_DATA TO EXAMINE_:
□ □ □ □ □

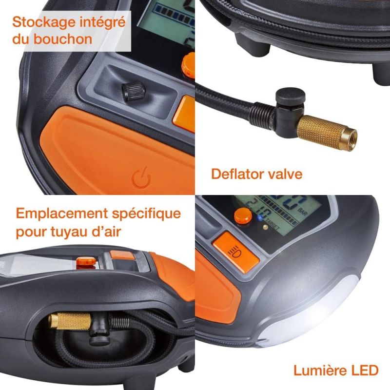 "Le compresseur portatif, OSRAM TYREinflate RAPID est un compresseur numérique rapide, efficace et efficace avec un affichage numérique éclairé pour des mesures de pression faciles et précises. Équipée d'une fonction d'arrêt automatique pour régler la pression désirée requise.Grâce à son réglage automatique, ce compresseur est incroyablement facile à manier. Rentrez simplement la pression désirée avec le bouton rotatif, cliquez pour régler puis appuyez sur start. Le mini compresseur TYREinflate RAPID s'arrête automatiquement dès que la pression correcte est atteinte.
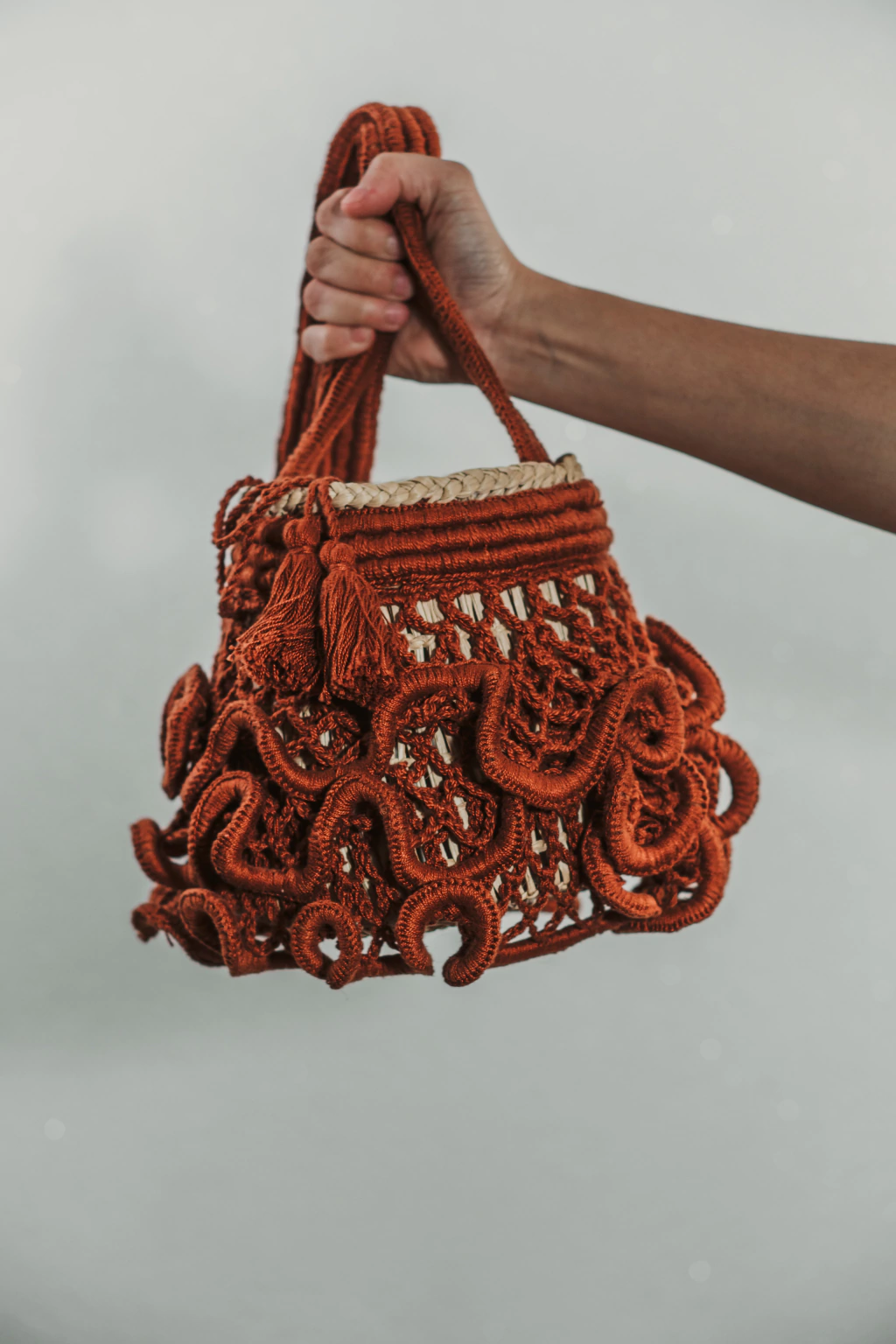 Bolsa em palha com aplicação de crochê na técnica rococó Cearensy.
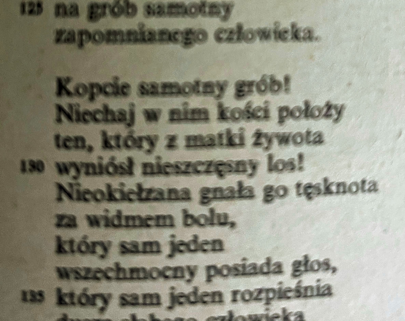 Fragment Hymnu Kasprowicza „Święty Boże, Święty Mocny” z którego pochodzą słowa: kopcie samotny grób..
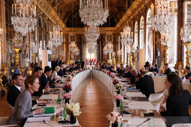 Ce plan REARM Europe aurait pu être présenté après le sommet de Versailles au printemps 2022 ! (photo : table ronde du sommet de mars 2022, dans le Chateau de Versailles)
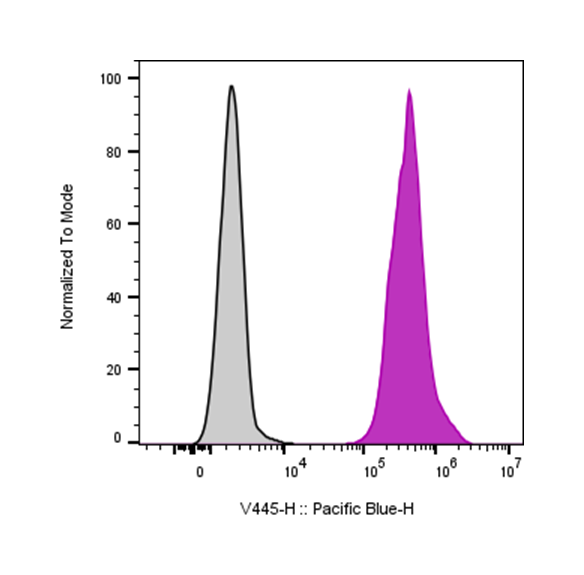 | Recommended Usage | For flow cytometric staining, it is recommended to use 5 µL of this reagent per 0.5-1.0 million cells in a 100 µL volume. Optimal reagent performance should be determined by titration for each specific application. Pacific Blue has an excitation max at 404 nm and an emission max at 455 nm. |
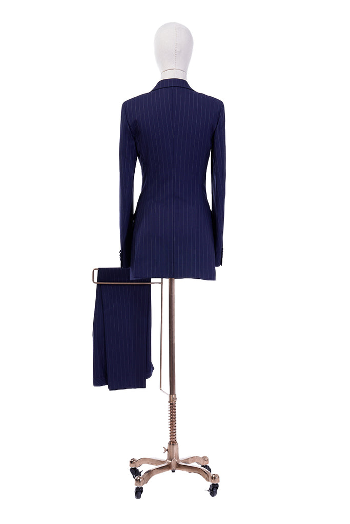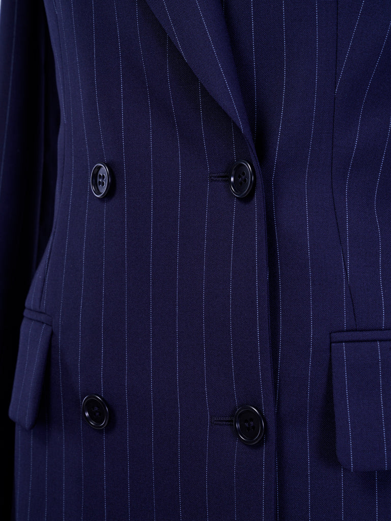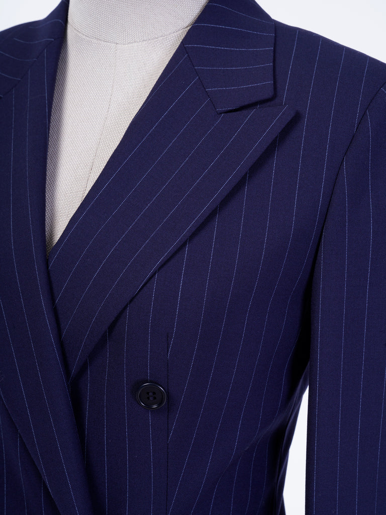 Women's Custom Pant Suit - Blue Pinstripe 100% Wool
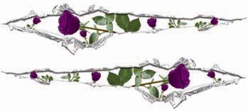 Ripped / Torn Metal Look Decals with Purple Roses - 30" h x 144" w
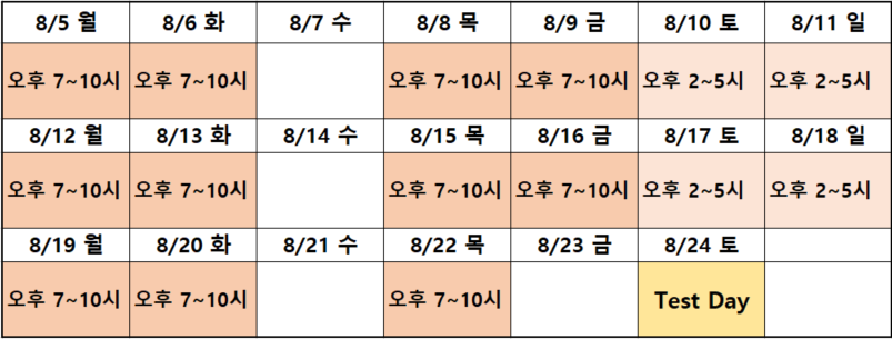 2) μμ λ±λ‘μ κ° λ μ§λ³λ‘ κ°λ₯νλ©°, κ° μΌμλ³λ‘ λͺ¨λ λ€λ₯Έ ν μ€νΈλ‘ ꡬμ±λ©λλ€.
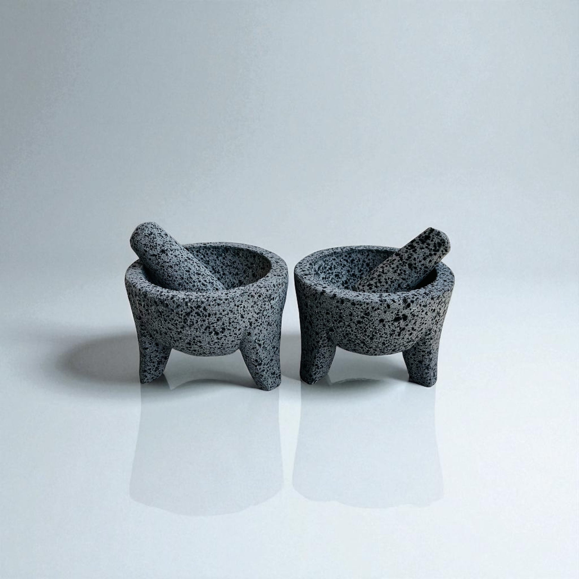 Disfruta de la versatilidad y tradición con este kit de molcajetes de 5 pulgadas, elaborados con piedra volcánica seleccionada y trabajo artesanal.
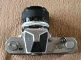 Afgezien van het kleine deukje in de kast (foto) is de Nikkormat FT in zeer goede staat. Voor zover ik kon testen zonder film werkt de camera perfect. Ook de lange tijden lopen soepel. Batterijvak is schoon, geen lekkende batterijen, filmtransport en teller zijn in orde. Belichtingsmeter toont.

□ □ □ □ □

_TASK DETAILS_: Where the line with "Ripped / Torn" appears in the entries above, begin there and restate every line to the end word for word, minus the pictures.

_SOLUTION_:
 Ripped / Torn Metal Look Decals with Purple Roses - 30" h x 144" w
 2) μμ λ±λ‘μ κ° λ μ§λ³λ‘ κ°λ₯νλ©°, κ° μΌμλ³λ‘ λͺ¨λ λ€λ₯Έ ν μ€νΈλ‘ ꡬμ±λ©λλ€.
 Disfruta de la versatilidad y tradición con este kit de molcajetes de 5 pulgadas, elaborados con piedra volcánica seleccionada y trabajo artesanal.
 Afgezien van het kleine deukje in de kast (foto) is de Nikkormat FT in zeer goede staat. Voor zover ik kon testen zonder film werkt de camera perfect. Ook de lange tijden lopen soepel. Batterijvak is schoon, geen lekkende batterijen, filmtransport en teller zijn in orde. Belichtingsmeter toont.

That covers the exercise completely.